Many traits of Marfan syndrome may be quite mild early in life and become more noticeable as your child grows. It’s not unusual for a child to be diagnosed in the teenage years.

Children with Marfan syndrome often have specific physical traits that may become more noticeable as a child grows. These traits can include:

  • long arms, legs, fingers and toes
  • long, narrow face
  • flexible joints
  • short torso
  • a spine that curves to one side (scoliosis)
  • a chest that sinks in or out (pectus excavatum or pectus carinatum)
  • eye problems, like nearsightedness or a dislocated lens
  • overly crowded teeth
  • flat feet
  • unexplained stretch marks on the skin

Not everyone who has these traits has Marfan syndrome. If you’re concerned that your child may have Marfan syndrome, it’s important to see a doctor who’s experienced in diagnosing genetic disorders.

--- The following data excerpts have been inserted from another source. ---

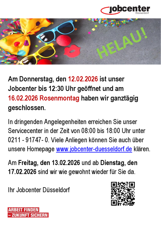Am Donnerstag, den 12.02.2026 ist unser Jobcenter bis 12:30 Uhr geöffnet
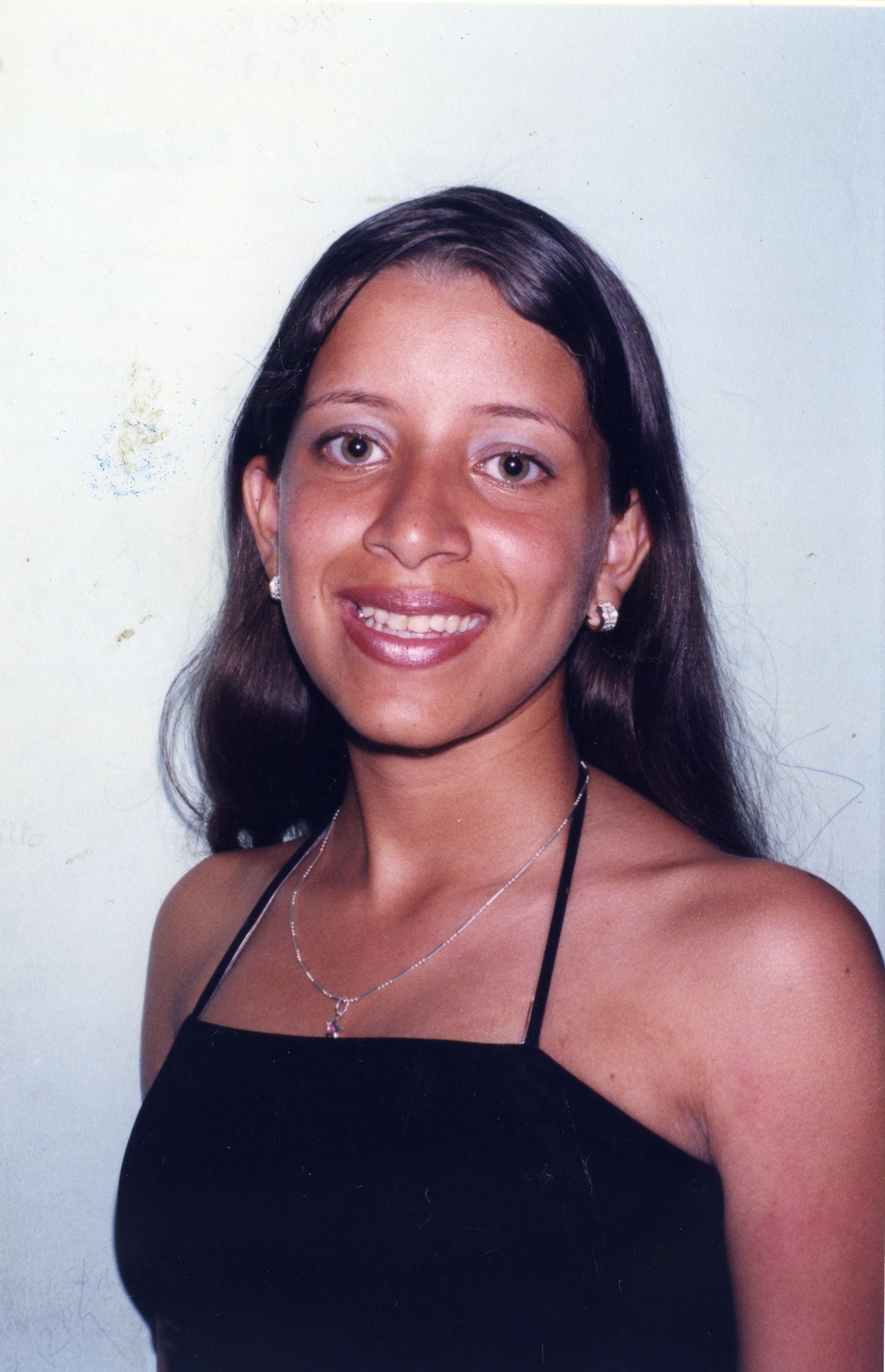 Perfil de participante al Reinado Nacional de la Agricultura, Verónica Andrea Cifuentes. Se aprecia de vestido negro, collar, aretes y cabello suelto. Palmira
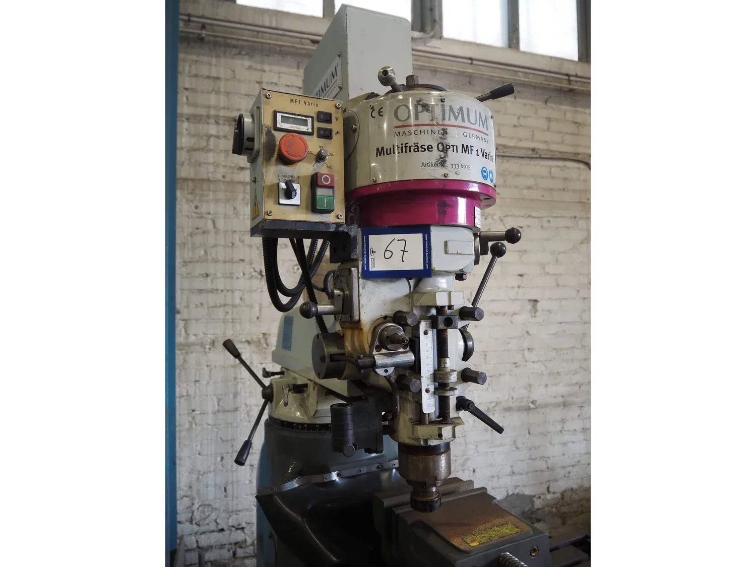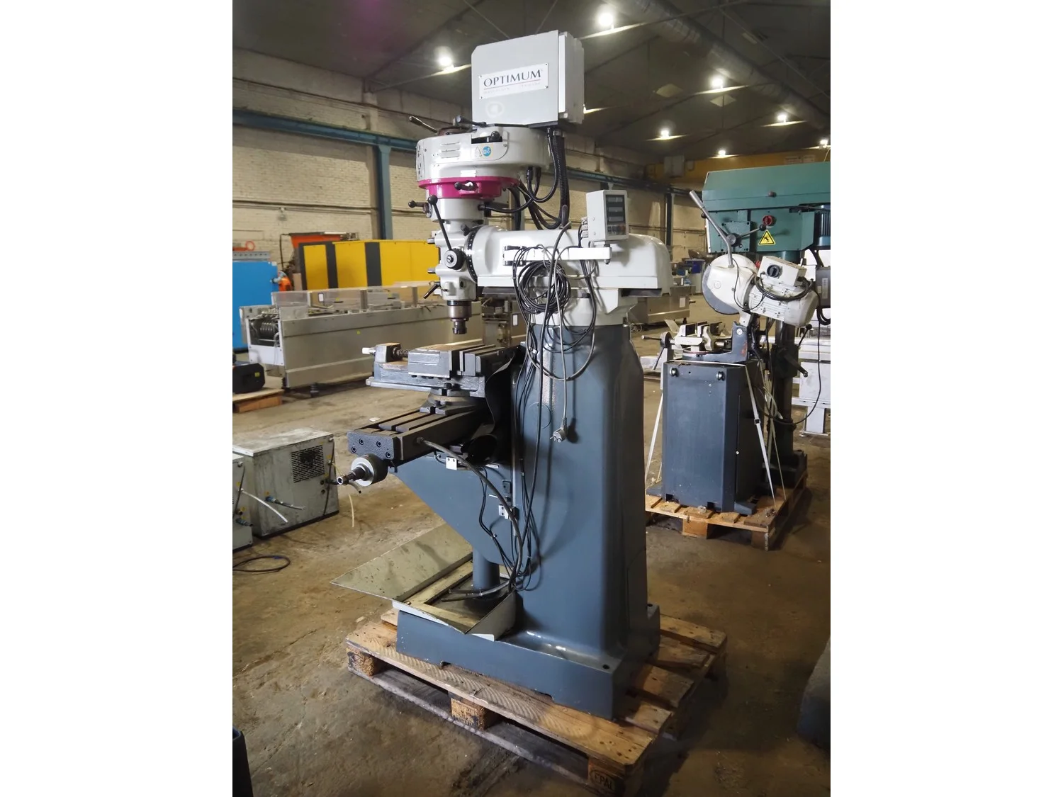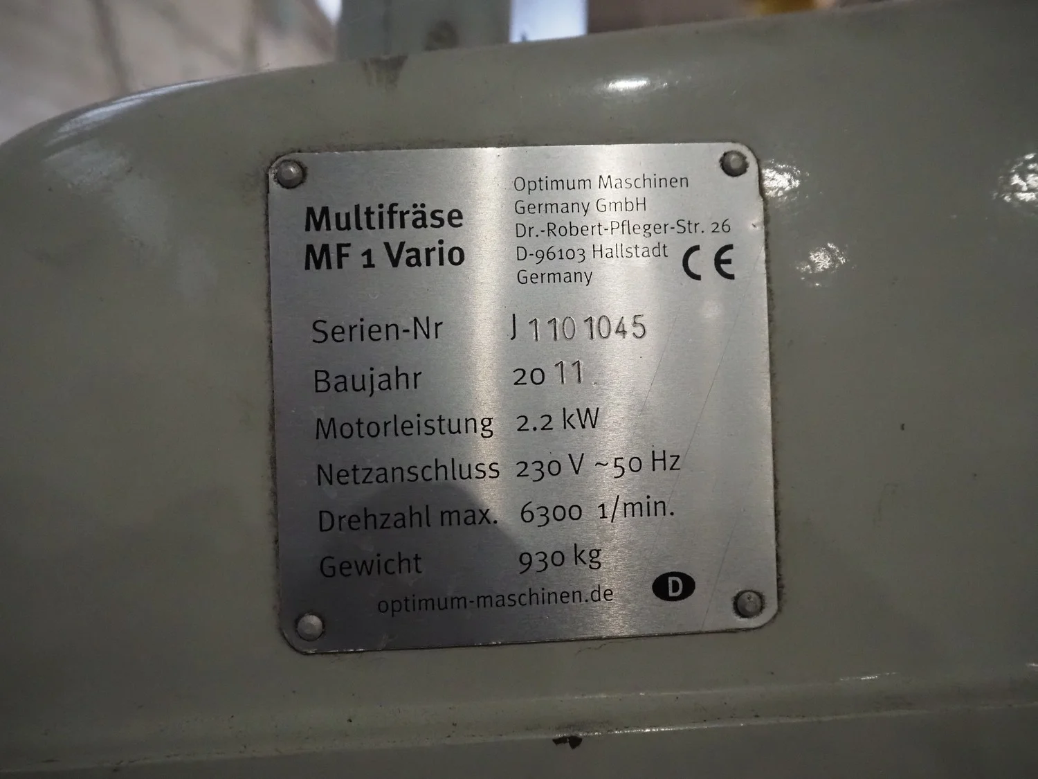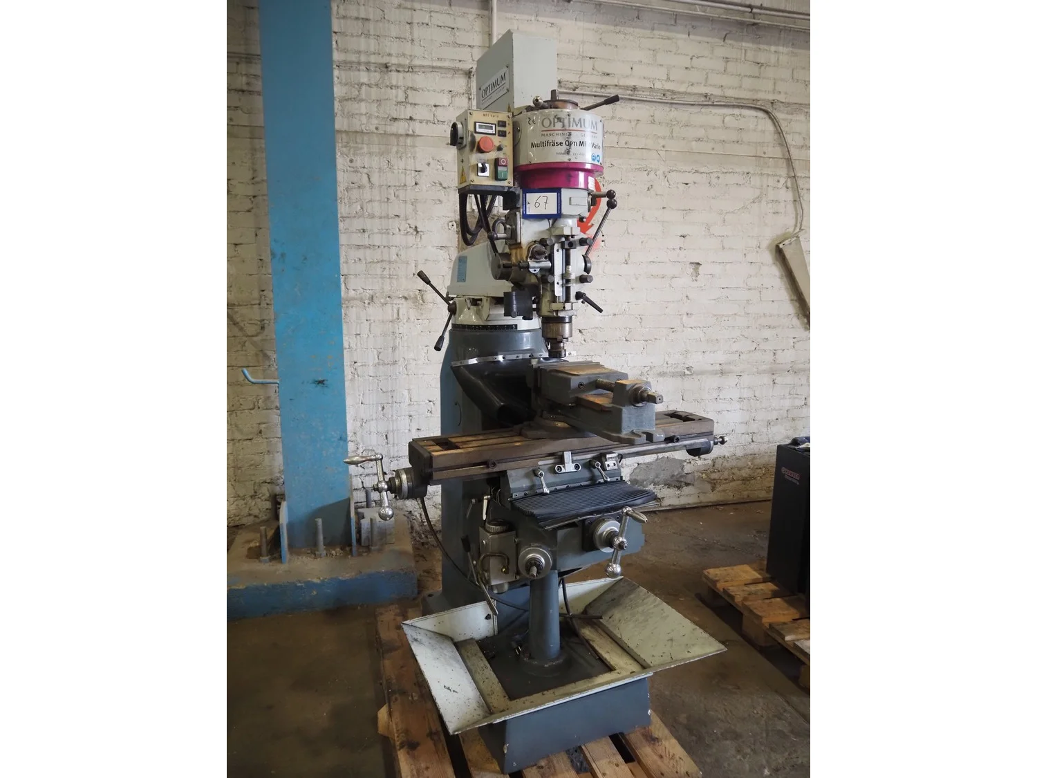 Optimum Maschinen column drill, serial number: J1101045, year of construction: 2011, 230 V, 50 Hz, 2.2 kW, weight: 930 Kg, dimensions: 1250 mm x 1100 mm x 2000 mm.

What are the causes of Marfan syndrome?

The syndrome is caused by a defect in a gene known as FBN1, which controls the structure of fibrillin-1, a protein that’s an important part of the connective tissue in the body.

About 75 percent of children with Marfan syndrome have inherited the condition from a parent. In the other 25 percent of children, the gene mutates spontaneously for no apparent reason.